GOP Senate candidate Gabriel E. Gomez sought to pre-empt President Obama's campaign rally for Democrat Edward J. Markey in Boston today, posting an online "open letter" to Obama last night that touts his own willingness to cross the aisle and calls on the president to demonstrate his bipartisanship by meeting him in Chelsea.
"I look forward to working with you to represent all the people of Massachusetts," the ex-Navy SEAL wrote. "Where we disagree, I will reach across the aisle and work to find common ground with you, and with my fellow members of Congress. As voters know, my campaign is about the future, not the past. I believe it's time for a bipartisan problem solver who will put people before politics. In that spirit of bipartisanship, while you're in Massachusetts today, I invite you to join me this afternoon at my Veterans Town Hall event in Chelsea at 2:00PM.

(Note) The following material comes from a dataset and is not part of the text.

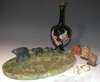 the thin tapering neck above baluster body decorated with chickens in circular foot, 24cm high, also an ivory netsuke, another wooden, an ivory figure group, and onyx desk stand decorated with brass elephants

"While my opponent Congressman Markey is depending on the national Democratic machine in Washington, I'm depending on people of Massachusetts," Gomez wrote. "I hope you get an opportunity to meet them. Again, welcome to Massachusetts, and I look forward to working with you in Washington."

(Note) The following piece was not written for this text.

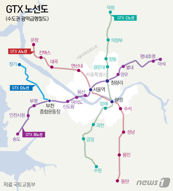 전세 계약 만료일이 다가오면서 같은 금액으로 서울에서 북적북적 사느니 차라리 외곽으로 이사가는게 나을까 고민이 많아지는 요즘입니다. 본가가 일산이라 일산에서 출퇴근을 생각해 봤는데, 서울 한복판에 있는 회사까지 출퇴근 시간이 너무 오래걸리겠더군요. 그나마 내년도에 개통 예정인 GTX 노선 근처로 이사간다면 서울 접근성이 좋아지지 않을까 하여 GTX 노선을 정리해보았습니다.

The claims of bipartisanship and the unusual challenge to meet follows a relentless campaign by Markey to cast Gomez as a tool of the national Republicans, some of whom have campaigned for him.
Gomez later said Obama's 2 p.m. Boston rally today shows Markey is "running scared." Two recent polls show Markey just seven points ahead of Gomez.

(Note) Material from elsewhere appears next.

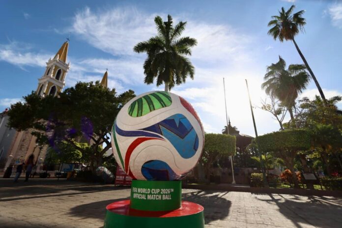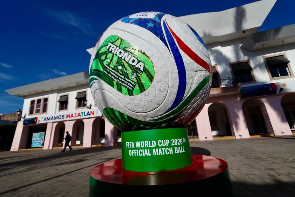 Trionda, el balón oficial del Mundial, está colocado como un parador oficial fotográfico en la explanada principal frente a Palacio Municipal de Mazatlán, de acuerdo con la empresa patrocinadora Deportenis.

Last night, senior Markey adviser Mark Horan responded to Gomez's letter: "Given his history of writing to Democratic officeholders, you'd think he'd stop." The remark was a reference to Gomez's January letter to Gov. Deval Patrick asking to be appointed to replace ex-U.S. Sen. John F. Kerry, in which he touted his own vote for Obama. The letter proved an embarrassment for Gomez with Republicans.
Markey continued his line of attack as the two squared off in a debate last night in Springfield.
"These people have arrived committed to making sure that President Obama's agenda doesn't move at all. It begins with Mitch McConnell, the Republican leader in the United States Senate who was sending out letters for Mr. Gomez," Markey said.
Gomez countered that Markey has been "personally trying to demonize and make me be somebody that I'm not."